Contradictory to his advocacy for democracy and rule of law around the world, Obama have manifested a contradicting character in his relation with dictators across the continent. He would label the democratically elected government of Ethiopia in 2012 as a dictatorship while keeping his relationship with leaders such as Yoweri Museveni of Uganda and Omar Bango of Gabon.

On the economic aspect, Barrack Obama’s economic policies were focus on Asia, the Middle East, and to some extent in Europe. None of his beneficial foreign relation policies were aimed at Africa especially at the initial stages of his presidency save when he initiated the Young African Leadership Initiative (YALI) at the later days of this presidency. His Power Africa project, which aimed at improving electricity on the continent, also remains a massive failure.
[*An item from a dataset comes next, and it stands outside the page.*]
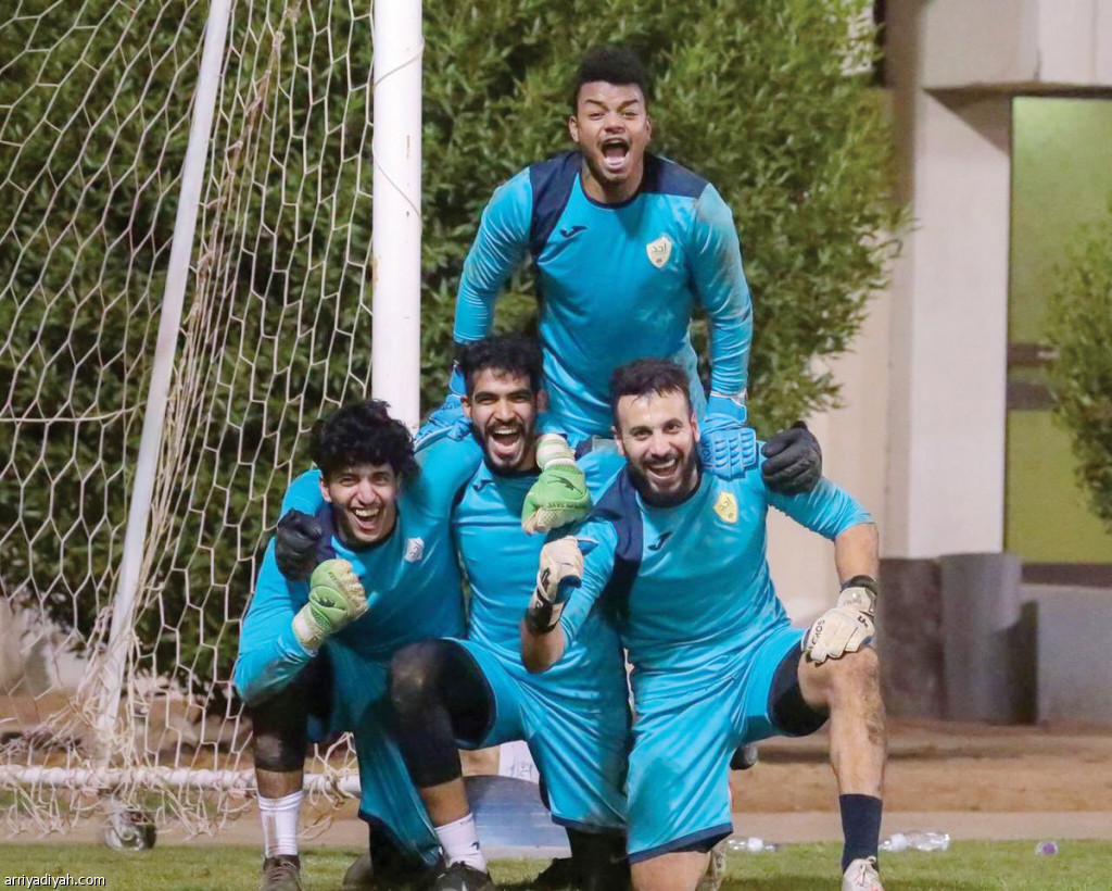 صورة التقطت أمس لحراس فريق أحد الأول لكرة القدم أثناء الحصة التدريبية للفريق استعدادًا لمباراة النهضة اليوم (المركز الإعلامي ـ أحد)

AFRICOM – US Military Installations in Africa

The sovereignty of the continent equally became under increase threat when Obama signed a defense bill in 2015 to build a “US Military drone site” in Niger at the tone of $100 million leaked documents revealed. This military project places a lot of security threats to the impoverished people of Niger. The project, which is still ongoing focuses on furthering the military interest of the USA on the continent with little or no benefit to the people of Niger. Several human rights violations are normally committed by these foreign military troops. Usually, foreign troops installation are put in place to safeguard the financial interest of western capitalist firms who often sign unfair trade deals with some of Africa’s unpatriotic leaders.

United States Africa Command
GABORONE, Botswana – U.S. Ambassador to Botswana Michelle D. Gavin, left, and Secretary of the Army John McHugh listen as a U.S. Army Special Forces | Photo credit U.S. AFRICOM

From the removal of Gaddafi, to his same-sex policy, South Sudan and Burundi, his support to dictators and military engagement in the continent have positioned him in his eight years presidency as the first black President who, despite the high expectations- failed to gratify in the least, the hopes that his ancestral land have placed on him.